There are only a handful of teams who can offer Darius much more than $2.2M, and my guess is that they're either not offering or Songaila just really wants to play in Chicago. Good news for us!


----------



## InPaxWeTrust (Sep 16, 2002)

Songalia and Skiles will get along very well. Best signing of offseason for Paxson. That good of a player at 2.2 mill. He will get a lot of run.


----------



## ChiBron (Jun 24, 2002)

So will he be starting?


----------



## DaBullz (Jul 15, 2002)

SPMJ said:


> So will he be starting?


Yes. At SG.

:biggrin:


----------



## johnston797 (May 29, 2002)

yodurk said:


> Kings can't match, they already gave their entire MLE to Shareef. They also don't have bird rights since he's been on contract with them for only 2 years. And since they're over the cap....


Kings can match. (I thought the same thing as you earlier until corrected.) The Kings have Early Bird rights b/c he played there two years. We didn't have those with Duhon. So we had to preserve our MLE. Not an issue for the Kings.


----------



## Ron Cey (Dec 27, 2004)

johnston797 said:


> Kings can match. (I thought the same thing as you earlier until corrected.) The Kings have Early Bird rights b/c he played there two years. We didn't have those with Duhon. So we had to preserve our MLE. Not an issue for the Kings.
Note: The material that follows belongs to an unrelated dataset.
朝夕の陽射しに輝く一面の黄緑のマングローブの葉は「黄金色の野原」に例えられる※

This is my understanding, too.


----------



## SALO (Jun 6, 2002)

> the salary-capped Kings have said they have no intention of exercising their right to match any offer sheet Songaila receives.


We have received this information from both Chicago and Sacramento newspapers. 
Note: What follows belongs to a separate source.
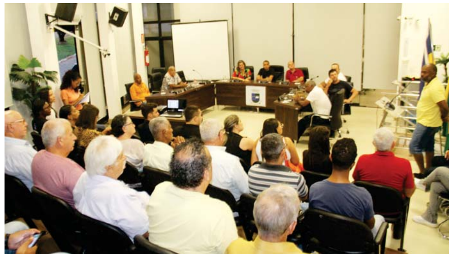
A audiência ocorreu no Legislativo de Bela Vista de Minas, com a presença de um enorme público e representantes do município

My guess is Petrie already told Songaila and his agent he won't match. It's not a matter of losing Songaila without compensation, I think it is more of a favor for Darius so he can get playing time somewhere else. Petrie already said he wouldn't be getting any playing time on the Kings. This also makes the Maloofs happy because they won't have to pay $4.4M in luxury tax for a guy glued to the bench the whole year.


----------



## yodurk (Sep 4, 2002)

johnston797 said:


> Kings can match. (I thought the same thing as you earlier until corrected.) The Kings have Early Bird rights b/c he played there two years. We didn't have those with Duhon. So we had to preserve our MLE. Not an issue for the Kings.


Is that the new so-called Gilbert Arenas rule?


----------



## fleetwood macbull (Jan 23, 2004)

> But Bartelstein said from the start that getting a deal done would be complicated, even though the salary-capped Kings have said they have no intention of exercising their right to match any offer sheet Songaila receives.
> 
> Bartelstein said many other teams have pursued the 6-9, 248-pound Songaila, who averaged 7.5 points and 3.7 rebounds last season for the Kings.
> 
> ''You have everybody in the league trying to get him,'' Bartelstein said. ''But we're trying hard to make something work with the Bulls. Darius thinks this is a good fit.''


so, choose the evil Bulls who do mean things like allegedly spread "dire warnings" about their troubled players and sabatage their careers? Over everybody in the league? 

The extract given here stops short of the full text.